### [Your task]
Copy, exactly as written, the lines that begin at the one containing "夜には桜まつりの時期だけライ" and end at the one containing "Матеріал: натуральний камінь". Skip any pictures in the data below.

━━━ Material provided ━━━

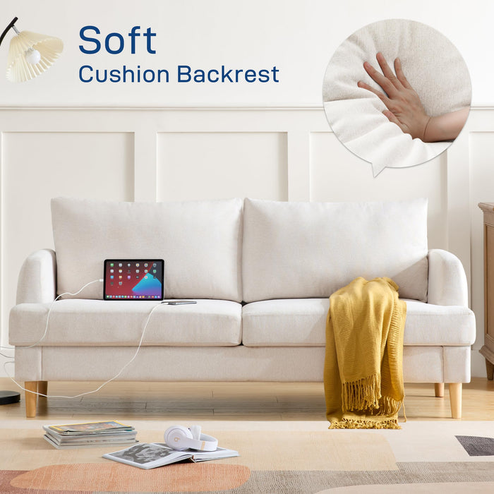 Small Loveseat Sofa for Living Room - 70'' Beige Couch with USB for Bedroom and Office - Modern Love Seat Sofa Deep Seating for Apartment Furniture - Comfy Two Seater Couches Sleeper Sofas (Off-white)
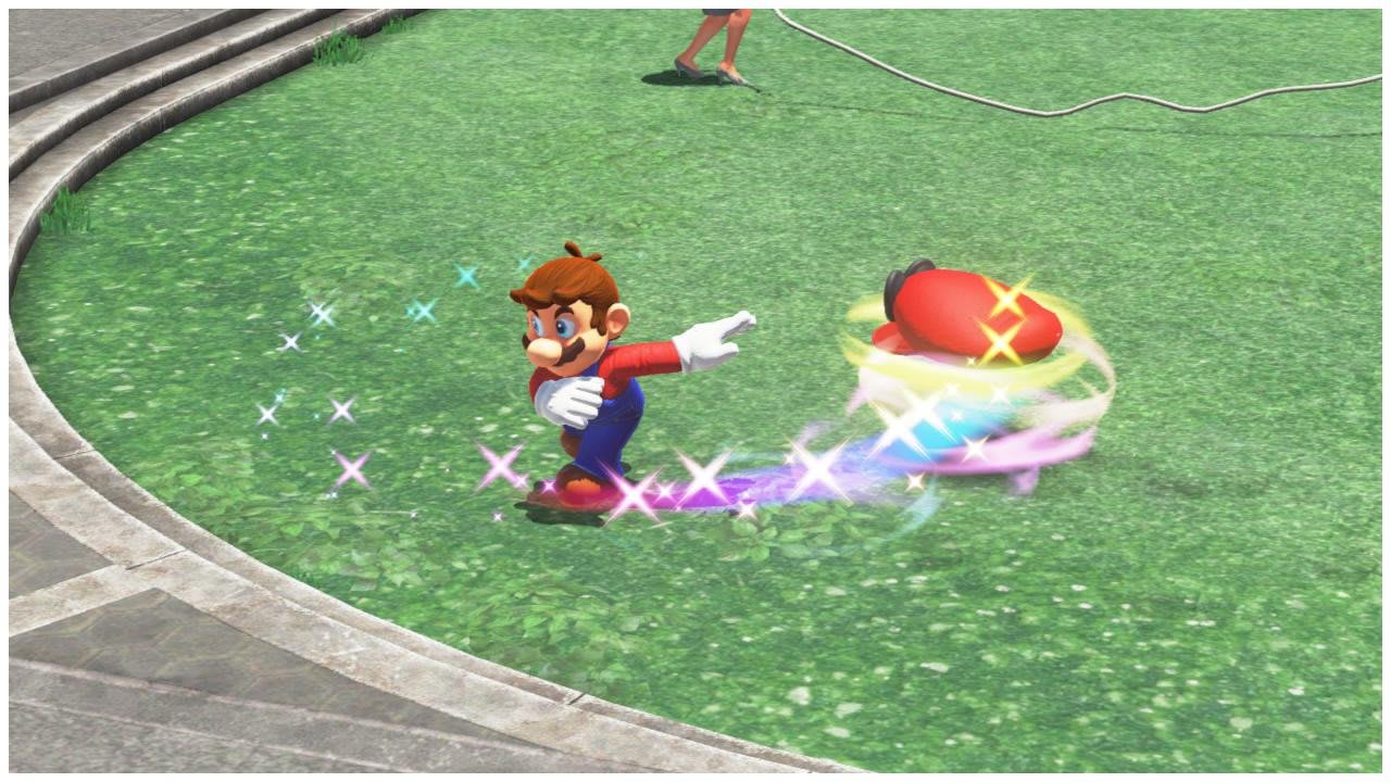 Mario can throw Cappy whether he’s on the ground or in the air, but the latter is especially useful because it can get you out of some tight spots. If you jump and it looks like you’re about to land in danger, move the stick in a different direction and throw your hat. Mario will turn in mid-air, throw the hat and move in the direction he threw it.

━━━
━━━ Material provided ━━━

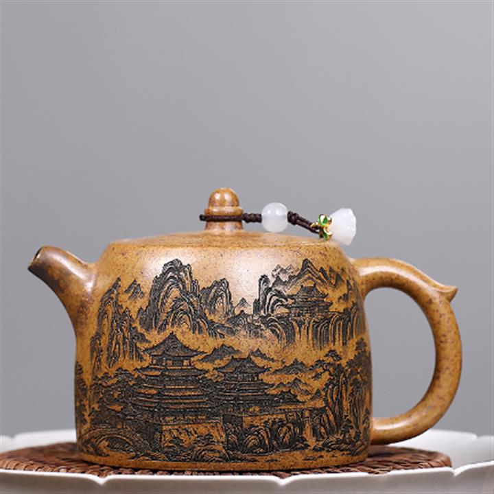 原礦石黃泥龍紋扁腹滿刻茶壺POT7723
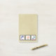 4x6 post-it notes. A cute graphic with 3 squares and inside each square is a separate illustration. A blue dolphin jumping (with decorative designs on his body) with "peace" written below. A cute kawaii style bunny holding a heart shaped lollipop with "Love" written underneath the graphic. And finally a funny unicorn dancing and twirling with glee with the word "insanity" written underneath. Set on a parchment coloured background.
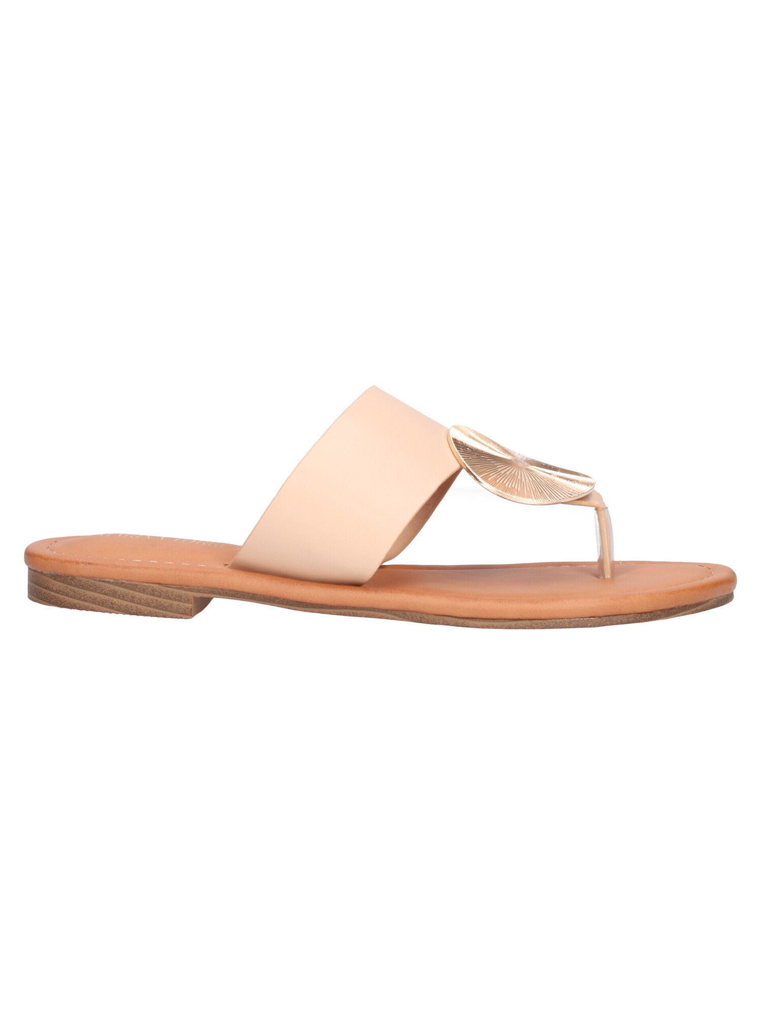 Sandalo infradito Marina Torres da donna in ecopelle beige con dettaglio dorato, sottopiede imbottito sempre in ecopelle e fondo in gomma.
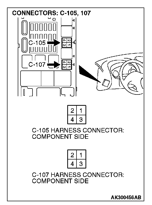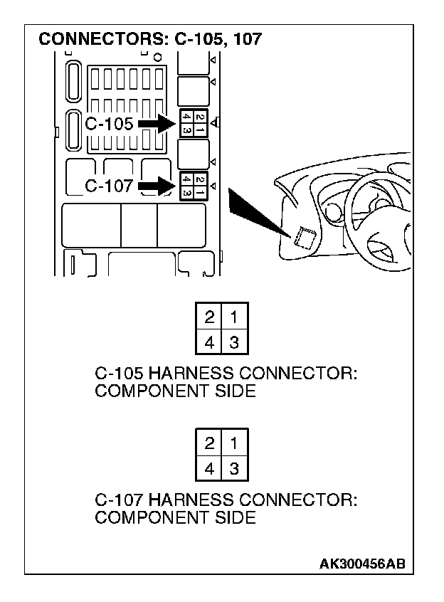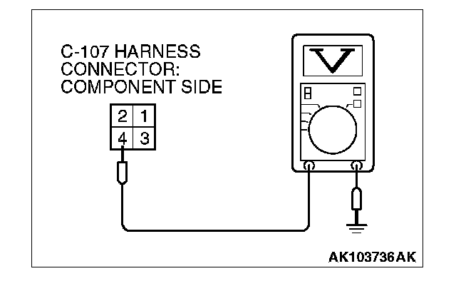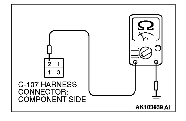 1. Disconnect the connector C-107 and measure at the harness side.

━━━
━━━ Material provided ━━━

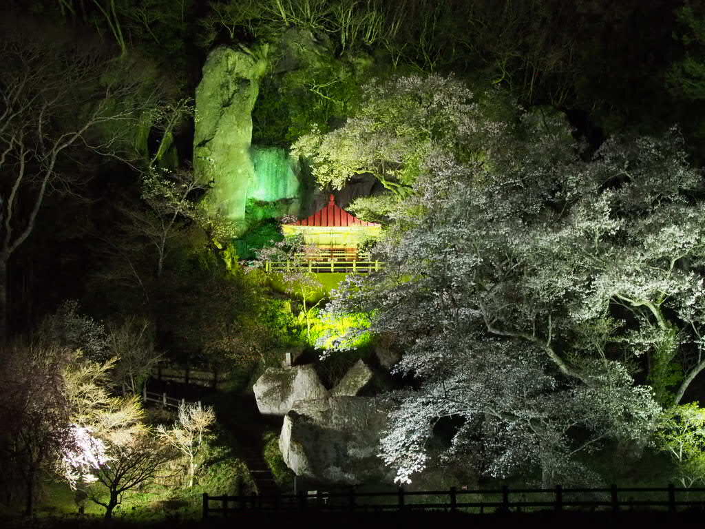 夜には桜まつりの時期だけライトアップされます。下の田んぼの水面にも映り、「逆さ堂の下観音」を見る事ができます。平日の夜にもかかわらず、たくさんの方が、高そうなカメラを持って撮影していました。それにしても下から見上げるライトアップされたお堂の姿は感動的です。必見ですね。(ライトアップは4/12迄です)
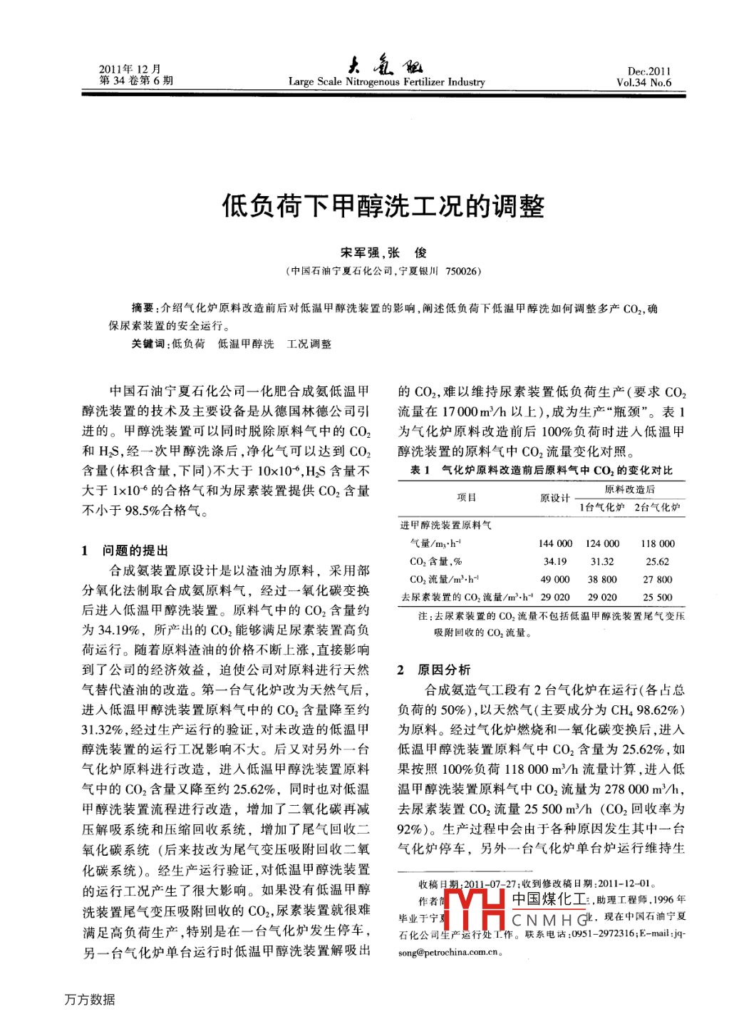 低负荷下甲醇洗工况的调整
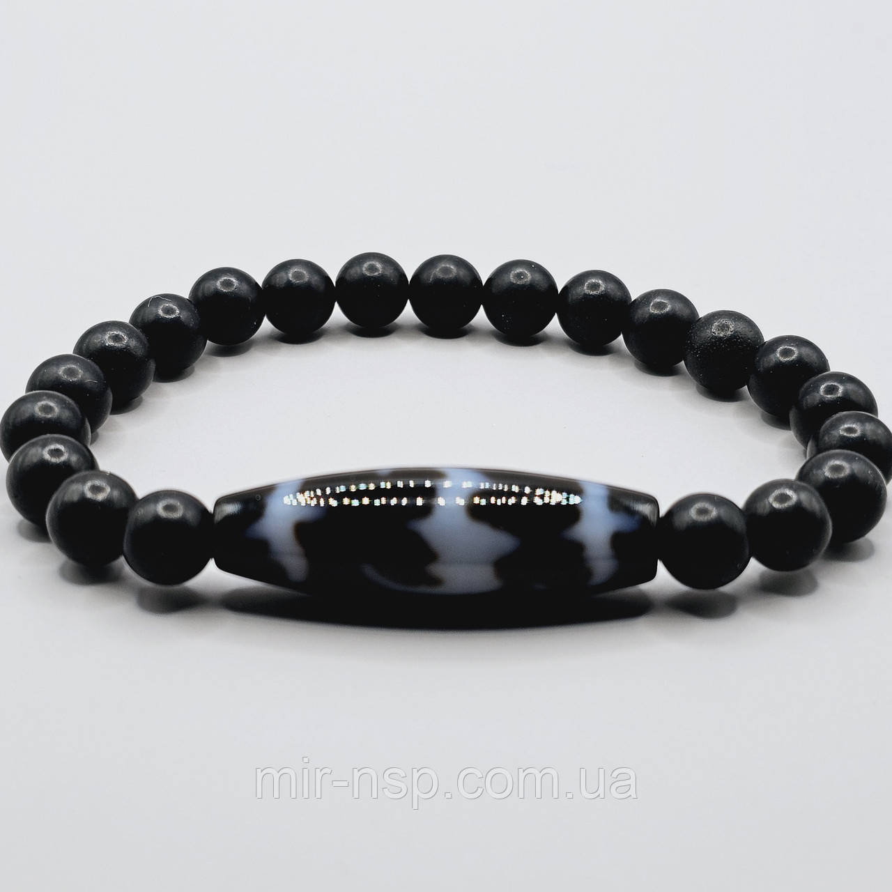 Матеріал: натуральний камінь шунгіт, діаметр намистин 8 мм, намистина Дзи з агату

━━━

### [Exercise answer]
 夜には桜まつりの時期だけライトアップされます。下の田んぼの水面にも映り、「逆さ堂の下観音」を見る事ができます。平日の夜にもかかわらず、たくさんの方が、高そうなカメラを持って撮影していました。それにしても下から見上げるライトアップされたお堂の姿は感動的です。必見ですね。(ライトアップは4/12迄です)
 低负荷下甲醇洗工况的调整
 Матеріал: натуральний камінь шунгіт, діаметр намистин 8 мм, намистина Дзи з агату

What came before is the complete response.